Even though he says he loves me I cannot say he gets turned on only by thinking of me. We still continue these fantasies, but lately I'm seeing that every single time we are intimate he always talks about things he wants other men (and women) to do to me or what he wants to do with others while I'm around somewhere. He never talks about a hot fantasy that only involves him and me. I drew the line when he started bringing my best friend into our role playing. When I told him I would prefer if he not bring her into it he ignored me and talked about her anyway. No matter how many times I tell him I am not turned on by other women or other men and how hurtful it is when he admits to fantasizing about being with other women he makes me feel guilty for having these feelings. The last time I brought it up he said he won't tell me his fantasies anymore and that he'll just tell me what I want to hear. He also said that by asking him to stop thinking of others I am demeaning him and his sexuality.

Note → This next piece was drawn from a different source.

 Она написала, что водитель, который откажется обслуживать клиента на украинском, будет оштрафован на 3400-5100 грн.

I have done everything I can to please him. I have done things sexually that I swore I would never do because I trusted him. I've tried new sex positions, new naughty outfits, I even fucked him in front of others on cam. I guess my question is, am I demeaning him when I ask him to not bring up others in our role playing every time we're intimate? It wouldn't bother me if it were once in a while. I wind up feeling unattractive and never good enough. What can I do to make him only want me?
Not Good Enough
My response after the jump...
He's never gonna want just you and you only, NGE. All that crazy shit that turned him on when you first got together—the shit that turned him on before you fell in love with him—still turns him on and always will turn him on. Leopards, spots.

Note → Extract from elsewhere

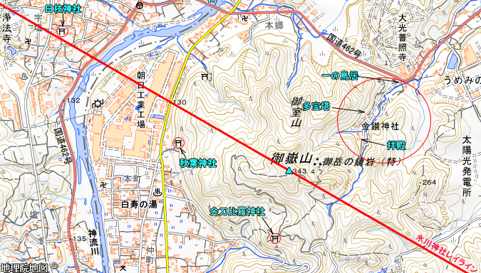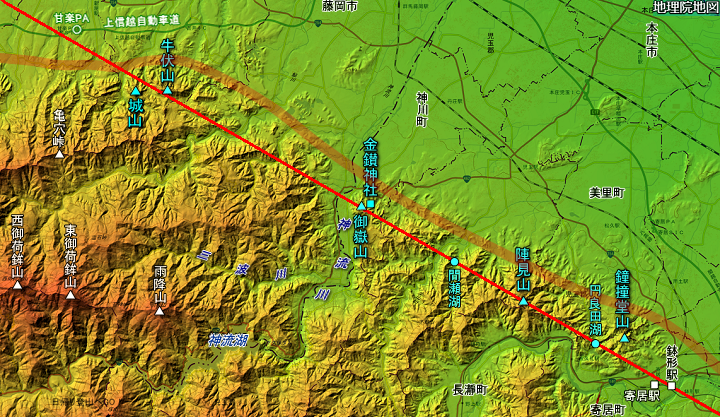 御嶽山と武蔵国二ノ宮の金鑚神社(埼玉県児玉郡神川町)![]() 御嶽山山頂をもろに通過している。この山の北東麓には武蔵国二ノ宮である金鑚神社がある。 金鑚神社は拝殿のみで、その背後の山を御神体として祀る、古い神社形態が残る珍しい神社。 この形態の古社は奈良県桜井市の大神神社(おおみわじんじゃ)-三輪山、長野県諏訪市の諏訪大社上社-守屋山、そして当神社-御室山(御室ヶ嶽)の3社だけという。 金鑚神社も縄文時代の祭祀場・居住地跡か? 御嶽山南西方にある三波川流域は縄文石棒の生産地の一つとされ、神流川や荒川を利用し水運によって各地へ石棒を運んでいる。 この辺りで産出された石質の石棒が、遠く茨城県の鹿嶋からも出土している。 ☞ 石棒のページ(日帰り登山へGO!) 氷川神社から御嶽山山頂まで58.3㎞、金鑚神社まで約58㎞。 ☞ 御嶽山(金鑚神社)のページ(日帰り登山へGO!) |

Now I know you're not doing it on purpose, NGE, and this is just how you feel, and feelings are sacrosanct lil' mysteries and there's nothing you, me, or anyone can do about it, but I've never understood people who are up for anything with someone they're into—dirty talk, rough sex, groups (real or imagined)—until they fall in love with that person. Shouldn't falling in love, and the deepening feelings of trust and comfort that goes along with it, open a couple up to new possibilities, new horizons, new sexual adventures?
And if falling in love with someone—or falling in love with you—means the end of sexual adventure and fantasy and roleplay, if falling in love means new limitations and previously acceptable fantasies winding up on your own personal no-fly list, aren't you creating a huge incentive for folks not to fall in love with you?

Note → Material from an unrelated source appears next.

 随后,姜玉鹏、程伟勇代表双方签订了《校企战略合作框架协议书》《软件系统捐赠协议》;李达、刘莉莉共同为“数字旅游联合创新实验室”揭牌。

All of that said, NGE, your boyfriend should, at the very least, mix it the fuck up a little bit. Even if you were into groups—or still into groups, or still into thoughts of groups—having to hear about them every fucking time you fuck gets fucking tedious after four fucking years. If he needs dirty talk to get off, he should find new dirty scenarios—involving you and only you—to explore and expound upon and save the group fantasies for "once in a while."
As for feeling unattractive, make him aware of your insecurities—if you haven't already—and that his particular turn-ons tweak those insecurities and so you require regular reassurances about your attractiveness, his feelings for you, how hot he thinks your body is, etc., etc.
Finally, NGE, and again: there's nothing you can do to make him want you and only you. He is who he is, and he's turned on by what turns him on, and you knew that when you fell in love with him. You don't have the right or the ability to reach into his erotic imagination and yank out the bits that conflict with your ideas of what sex is or should be when two people are in love.